The PAL (Parochial Athletic League) track meet dates back to 2001 and has grown from a one-day meet into a weekend affair.

By Dan Albano     6/8/2017

The day Kennie Arriola Jr. waited a year for finally arrived Sunday, May 21.

The annual Parochial Athletic League track meet returned to Saddleback College in Mission Viejo and offered students from about 30 faith-based grade schools throughout Orange County an opportunity to run, jump and throw in the spirit of fun, school pride and competition.

“I look forward to this meet,” said Arriola, an eighth grader at St. Edward in Dana Point. “A lot of people come together to run and share our talents and to compete and have fun. It’s a great place to do that.”

Arriola especially enjoys the boys mile, one of the first races on the schedule. The future JSerra freshman won the 1,600-meter run for a fourth consecutive year, taking the 8th-grade title in 4 minutes, 58.81 seconds, the fastest time of the meet.

Amelia Kang, a seventh grader at St.

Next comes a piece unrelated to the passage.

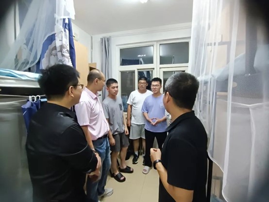 2023年8月19日晚,新生家长会结束后,刘雨龙、曹庆宏、穆良柱、各班班主任、辅导员、吴卓颖一行前往37楼学生宿舍,看望慰问伟德源自英国始于1946本科新生。
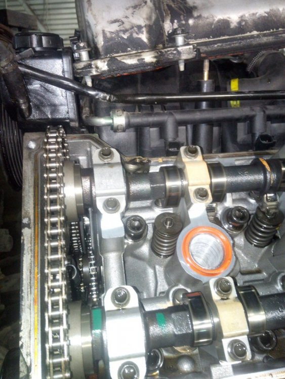 2. Всем привет. В прошлой части собрал низ мотора. Осталось собрать верх. Но перед сборкой надо выковырять пружинки из старых резьб ГБЦ, рассверлить отверстия и нарезать новую резьбу под нормальные футорки. Извлекались пружинки не совсем хорошо. Сложность была в том что в каждом отверстии под болт ГБЦ из было по 3 штуки, а болтов 20. Естественно ни о какой соосности резьбы речи быть не могло, так как их просто загоняли одну за другой, а там они как встали так и встали. Пружинки выкрутил, пришлось изготавливать небольшой специнструмент что бы процесс шёл быстрее. И вот 4 часа мучений и они извлечены. Дальше берём дрель, желательно помощнее ( у меня на киловатт) зенкер, направляющую оправку, для зенкера зажимаем на болты и сверлим. Кстати направляющая оправка под одно сверление, что бы разсверлить следующее отверстие необходимо оправку перекрутить и выставить, в дальнейшем буду изготавливать оправку на весь ряд цилиндров по типу фалшьголовки. В общем когда все 20 отверстий рассверлено приступаем к нарезке резьб. Использовал два метчика, один для захода другой для финишной нарезки. Ну а дальше просто закручиваем футорки и собираем дальше как обычно. Накидывает головы, обтягиваем в 4 захода ( 30 ньютонов + 3 раза по 60 градусов), засовываем гидрокомпенсаторы ( я их всегда подписываю какой от куда ), ставим распредвалы, накидывает цепи с натяжителями. Так же не забываем всё продувать смазывать итд. Внутри должно быть чисто). Всем удачи на дорогах…

Mary’s in Aliso Viejo and a USA Track and Field national champion, captured the girls mile for her grade, stopping the clock in 5:34.50 for the fastest girls time of the meet.

Arriola and Kang were among numerous standout performers at the meet, which offers events from the sprints and long jump to the softball throw. Marcus Lansing of St. John’s Episcopal in Rancho Santa Margarita, for example, set a meet record for the 7th-grade long jump with an effort of just over 17 feet.

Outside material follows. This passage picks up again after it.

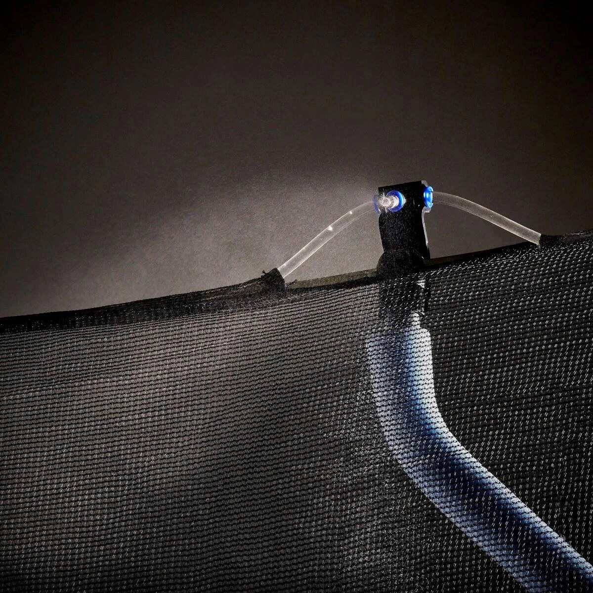 The mist nozzles simply hook up to a hose pipe and spray a soft and cooling mist onto the jump space as children play.

But the two-day meet is about more than just records. School spirit and camaraderie among an estimated 1,800 students builds through the team competition.

Schools are divided into large and small divisions based on enrollment. The meet keeps score for elementary teams or grades first through fourth, who competed on May 20. The junior high athletes, grades fifth through eighth, followed May 21.

St. Edward claimed the elementary division for the large schools while St. Mary’s secured the junior high crown for the large schools. St. Mary’s also took the combined team title, which added points from the elementary and junior high divisions.

In the small school division, Aliso Viejo Christian finished first in the elementary class while Blessed Sacrament in Westminster grabbed top honors for the junior high. Blessed Sacrament also won the combined title, it believes for the first time in school history.

“It’s pretty exciting,” said Will Bryant, Blessed Sacrament’s coach, who was assisted by Hieu Dang and Gerise Reaves. “We’ve put a lot of hard work into it, especially on the part of our coaches, who are very dedicated.”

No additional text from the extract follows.